Instructions to follow
A faithful copy of the data, pictures omitted, is the required answer.

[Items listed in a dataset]
☆ ☆ ☆ ☆ ☆ ☆ ☆
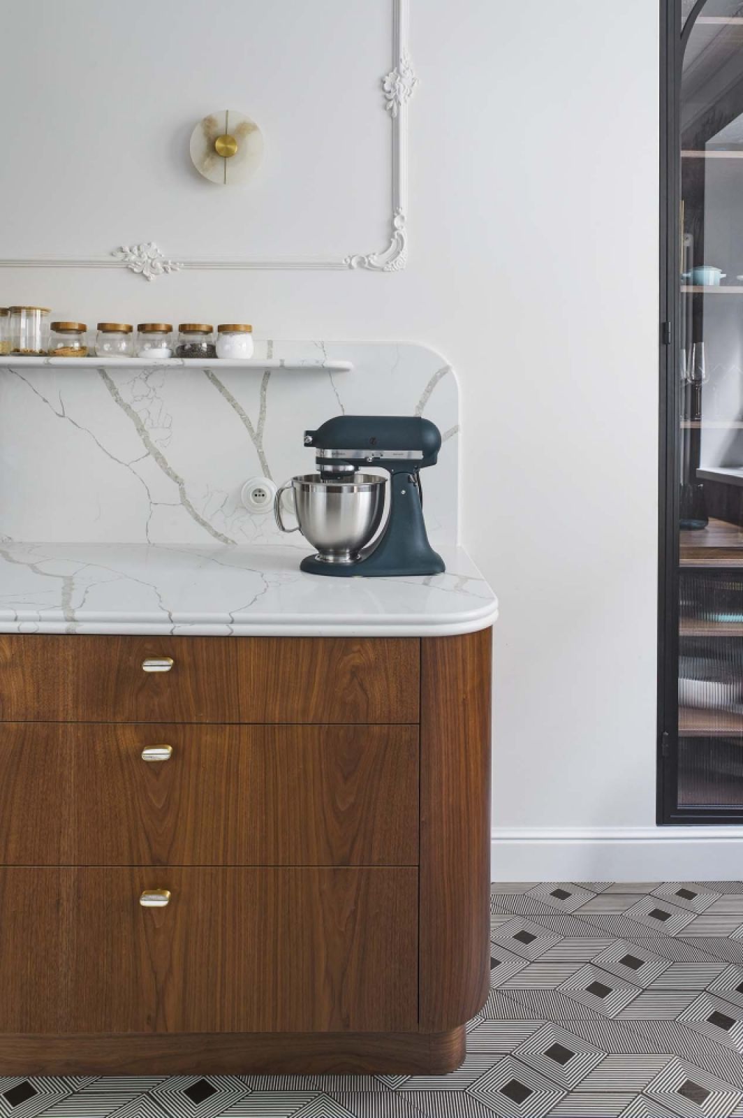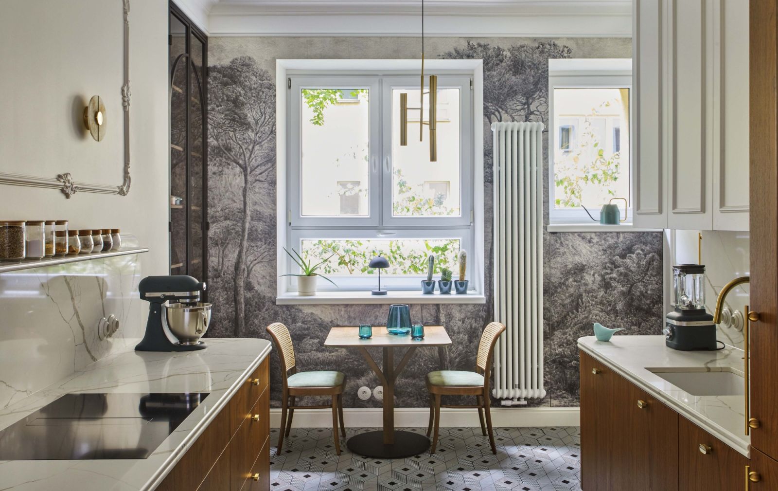 Kuchnia z forniru orzechowego i meble na zamówienie w mieszkaniu w kamienicy
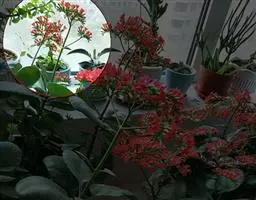 叶子表面宽厚,富肉质感且带有磨纱质感,看像石头质地;开红色小花,生于植株顶部,倒伞形密生,形状像花…
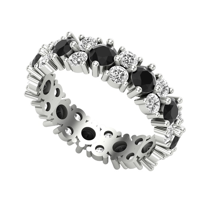 Siyah zirkon ve beyaz zirkon 14 ayar beyaz altın yüzük
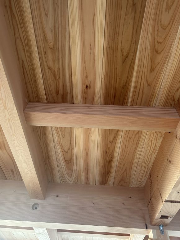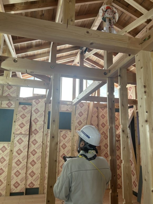 上棟から10日あまり中塚棟梁は朝早くから夕方まで 一所懸命丁寧な仕事をして頂いてます。 棟に御幣をつけて貰いました。 筋交いや金物をつけています。 外壁にタイガーボードのEXハイパー耐震ボードも張っています。 在来工法の最高級の耐震等3を応力度構造計算でとっています。 無垢材の提供のボックスを現場に配置しています。
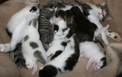 Welche Auswirkungen das Füttern von Anifit hat, zeigte sich schon nach kurzer Zeit. Nicht nur, dass unsere Minka, die trotz wenigem Essen sehr rund ist und zu viele Kilo auf die Waage bringt, seit Anifit viel agiler geworden ist und unser 14 Jahre altes Sorgenkind Gisi (stark Nierenkrank) auf einmal mit Appetit wieder isst, nein unsere Pinki, ist am 13. September Mutti von sage und schreibe 10 Babys geworden. Eine Sensation, wie die Tieraerztin meinte, denn so etwas kenne sie nur aus dem med. Buch, allerdings nur mit acht Baby´s. Per Kaiserschnitt mussten die Kaetzchen geholt werden. Max. vier Babys gab die Tieraerztin vorab eine Ueberlebenschance, jedoch waren alle 10 Baby´s putzmunter.
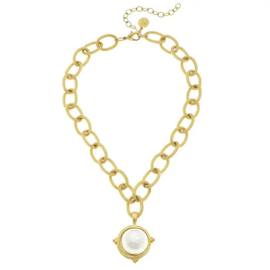 Very designerish 🩷 Nylon cord Pearl Enamel horn Gold plated sterling chain 16-18 inches
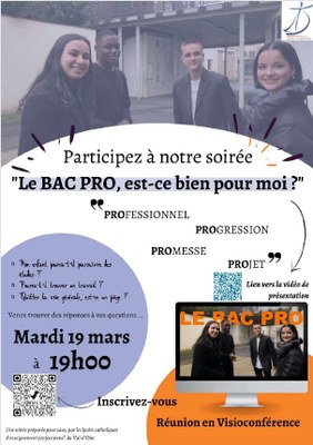 Une soirée en viso conférence préparée par les lycées catholiques de l'enseignement professionnel du Val d'Oise pour répondre à vos questions sur le Baccalauréat professionnel.
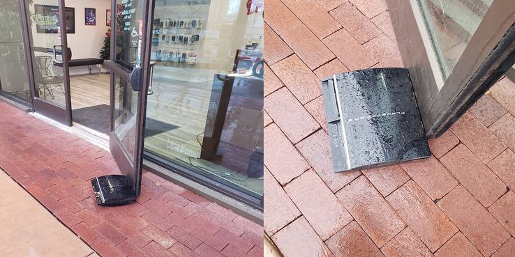 Em imagem que está circulando na internet um PlayStation 3 está sendo usado como peso de porta na chuva, em uma loja de eletrônicos. É um destino um tanto quanto triste, já que até mesmo o questionado Kinect, acessório do Xbox 360, está sendo usado como câmera de segurança em alguns aeroportos, segundo o portal GameRant.
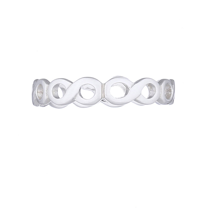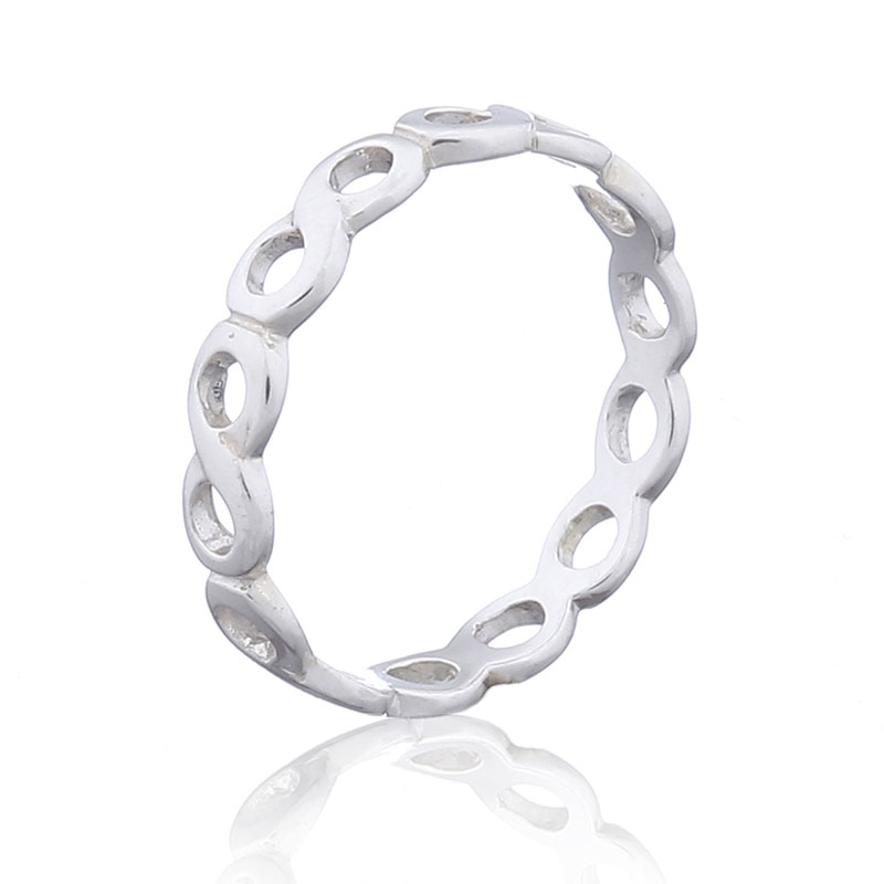 Silver infinity symbol ring is composed a band of infinity symbols of about 4 mm wide connected end-to-end and with the excellent casting job and high polish finish this silver band is just a very beautiful present to give. Definitely this infinity ring is worth having in your jewelry inventory.
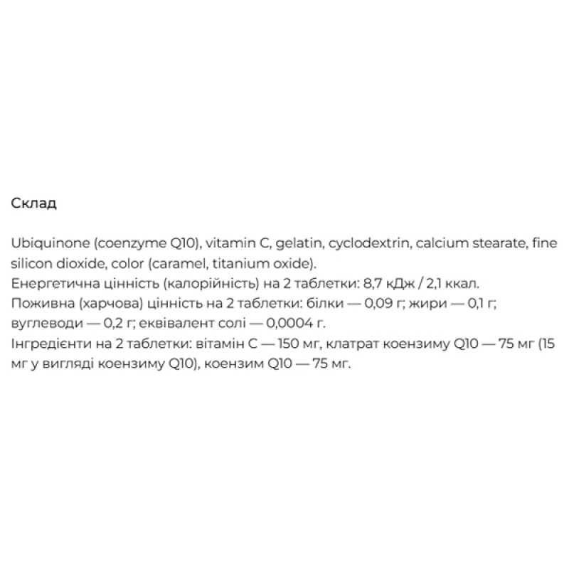 Комплекс сочетает в себе коэнзим Q10, витамин С и другие ценные микроэлементы, которые дарят заряд жизненной энергии, поднимают тонус организма, устраняют признаки усталости, способствуют укреплению иммунитета, нормализуют работу сердечно-сосудистой системы и нормализуют вес тела.
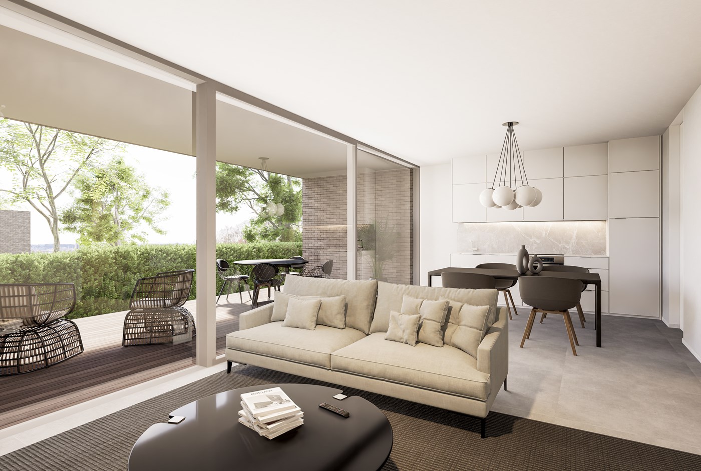 L’architecture du Parc de Lorette allie modernité et élégance, avec de grands espaces de vie lumineux et confortables. Les matériaux haut de gamme, aux teintes naturelles et harmonieuses, s'intègrent parfaitement dans l'environnement boisé.
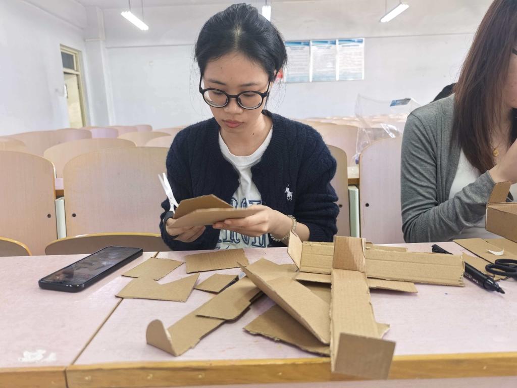 活动现场暖意融融,废弃快递纸盒与剪刀、橡皮泥、彩笔等工具相映成趣。同学们以想象力为翼,循着裁剪、折叠、拼接、装饰的工序,将平凡纸盒雕琢成风格各异的收纳摆件、创意模型与艺术小品,每一件作品都暗藏巧思。创作中,大家围坐交流、切磋技艺,在指尖流转间收获手工的治愈与乐趣,环保理念也在互动中悄然传递,现场氛围温馨热烈。作品完成后,大家逐一展示分享,用镜头定格创意与环保相拥的美好瞬间。
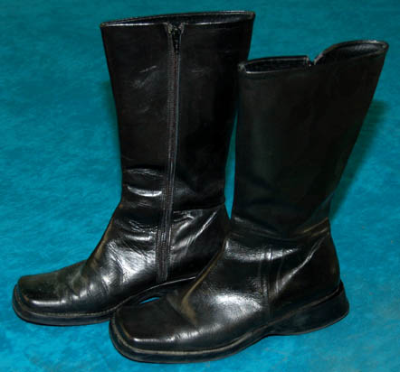 Finally located, a pair of black ladies boots for wear with Starfleet uniforms featured in episodes of Star Trek: Enterprise. These ‘Charles David' name brand boots are shiny, half calf length with subdued heels and inner zips and feature sewn in name brand tags with actor’s names penned onto them … |
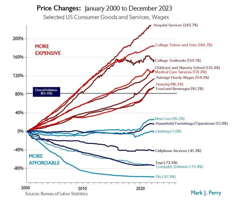 He starts off with the famous Mark Perry price changes chart.
☆ ☆ ☆ ☆ ☆ ☆ ☆
Result of the task
 Kuchnia z forniru orzechowego i meble na zamówienie w mieszkaniu w kamienicy
 叶子表面宽厚,富肉质感且带有磨纱质感,看像石头质地;开红色小花,生于植株顶部,倒伞形密生,形状像花…
 Siyah zirkon ve beyaz zirkon 14 ayar beyaz altın yüzük
 上棟から10日あまり中塚棟梁は朝早くから夕方まで 一所懸命丁寧な仕事をして頂いてます。 棟に御幣をつけて貰いました。 筋交いや金物をつけています。 外壁にタイガーボードのEXハイパー耐震ボードも張っています。 在来工法の最高級の耐震等3を応力度構造計算でとっています。 無垢材の提供のボックスを現場に配置しています。
 Welche Auswirkungen das Füttern von Anifit hat, zeigte sich schon nach kurzer Zeit. Nicht nur, dass unsere Minka, die trotz wenigem Essen sehr rund ist und zu viele Kilo auf die Waage bringt, seit Anifit viel agiler geworden ist und unser 14 Jahre altes Sorgenkind Gisi (stark Nierenkrank) auf einmal mit Appetit wieder isst, nein unsere Pinki, ist am 13. September Mutti von sage und schreibe 10 Babys geworden. Eine Sensation, wie die Tieraerztin meinte, denn so etwas kenne sie nur aus dem med. Buch, allerdings nur mit acht Baby´s. Per Kaiserschnitt mussten die Kaetzchen geholt werden. Max. vier Babys gab die Tieraerztin vorab eine Ueberlebenschance, jedoch waren alle 10 Baby´s putzmunter.
 Very designerish 🩷 Nylon cord Pearl Enamel horn Gold plated sterling chain 16-18 inches
 Une soirée en viso conférence préparée par les lycées catholiques de l'enseignement professionnel du Val d'Oise pour répondre à vos questions sur le Baccalauréat professionnel.
 Em imagem que está circulando na internet um PlayStation 3 está sendo usado como peso de porta na chuva, em uma loja de eletrônicos. É um destino um tanto quanto triste, já que até mesmo o questionado Kinect, acessório do Xbox 360, está sendo usado como câmera de segurança em alguns aeroportos, segundo o portal GameRant.
 Silver infinity symbol ring is composed a band of infinity symbols of about 4 mm wide connected end-to-end and with the excellent casting job and high polish finish this silver band is just a very beautiful present to give. Definitely this infinity ring is worth having in your jewelry inventory.
 Комплекс сочетает в себе коэнзим Q10, витамин С и другие ценные микроэлементы, которые дарят заряд жизненной энергии, поднимают тонус организма, устраняют признаки усталости, способствуют укреплению иммунитета, нормализуют работу сердечно-сосудистой системы и нормализуют вес тела.
 L’architecture du Parc de Lorette allie modernité et élégance, avec de grands espaces de vie lumineux et confortables. Les matériaux haut de gamme, aux teintes naturelles et harmonieuses, s'intègrent parfaitement dans l'environnement boisé.
 活动现场暖意融融,废弃快递纸盒与剪刀、橡皮泥、彩笔等工具相映成趣。同学们以想象力为翼,循着裁剪、折叠、拼接、装饰的工序,将平凡纸盒雕琢成风格各异的收纳摆件、创意模型与艺术小品,每一件作品都暗藏巧思。创作中,大家围坐交流、切磋技艺,在指尖流转间收获手工的治愈与乐趣,环保理念也在互动中悄然传递,现场氛围温馨热烈。作品完成后,大家逐一展示分享,用镜头定格创意与环保相拥的美好瞬间。
 Finally located, a pair of black ladies boots for wear with Starfleet uniforms featured in episodes of Star Trek: Enterprise. These ‘Charles David' name brand boots are shiny, half calf length with subdued heels and inner zips and feature sewn in name brand tags with actor’s names penned onto them … |
 He starts off with the famous Mark Perry price changes chart.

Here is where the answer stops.